### [Aim of the exercise]
Would you transcribe only the lines below, from the one containing "Il glicine è" through the end of the material, exactly and with no pictures?

### [Data provided]
↓↓↓

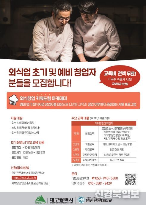 [ 신경북일보 ] 대구광역시는 외식업 예비창업자와 초기 창업자의 안정적 정착을 지원하기 위해 외식창업 ‘키워드림’ 아카데미 13기 참가자를 10월 15일까지 모집한다.
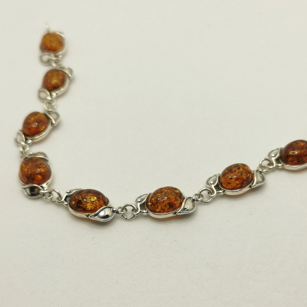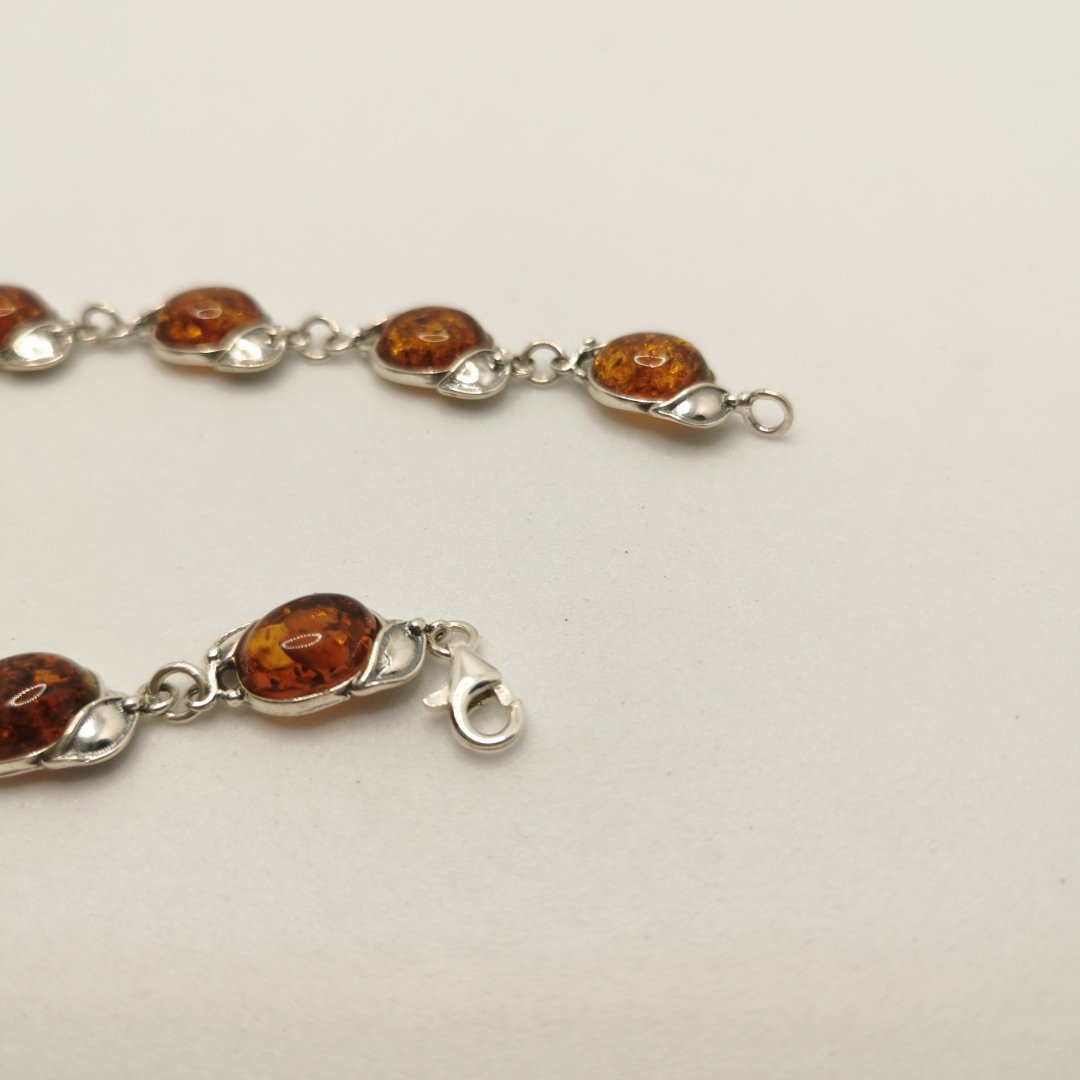 Il glicine è simbolo di devozione e romanticismo. Questo bracciale cattura quel sentimento con gemme d’ambra cabochon che pendono come fiori dal ramo d’argento 925.
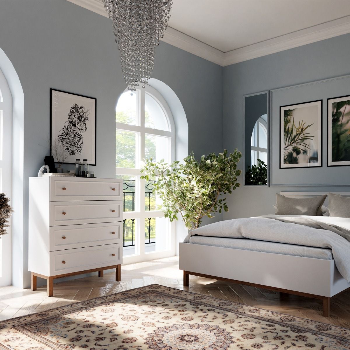 Add refined elegance and convenient storage to your home with the Wooden Chest Of 4 Drawers - Wensley, available exclusively at CozyFurnitureDirect. Designed in a harmonious blend of light grey and oak tones, this Scandinavian-inspired piece offers both beauty and practicality. Its sleek finish, clean lines, and natural oak accents bring warmth and calm to any interior, making it perfect for bedrooms, guest rooms, or hallways. With four spacious drawers on full-extension slides, it offers ample storage for clothes, accessories, and everyday essentials while keeping your space clutter-free. Crafted with durability and timeless style in mind, the Wensley chest effortlessly complements any UK home.

↑↑↑

### [Response for this exercise]
 Il glicine è simbolo di devozione e romanticismo. Questo bracciale cattura quel sentimento con gemme d’ambra cabochon che pendono come fiori dal ramo d’argento 925.
 Add refined elegance and convenient storage to your home with the Wooden Chest Of 4 Drawers - Wensley, available exclusively at CozyFurnitureDirect. Designed in a harmonious blend of light grey and oak tones, this Scandinavian-inspired piece offers both beauty and practicality. Its sleek finish, clean lines, and natural oak accents bring warmth and calm to any interior, making it perfect for bedrooms, guest rooms, or hallways. With four spacious drawers on full-extension slides, it offers ample storage for clothes, accessories, and everyday essentials while keeping your space clutter-free. Crafted with durability and timeless style in mind, the Wensley chest effortlessly complements any UK home.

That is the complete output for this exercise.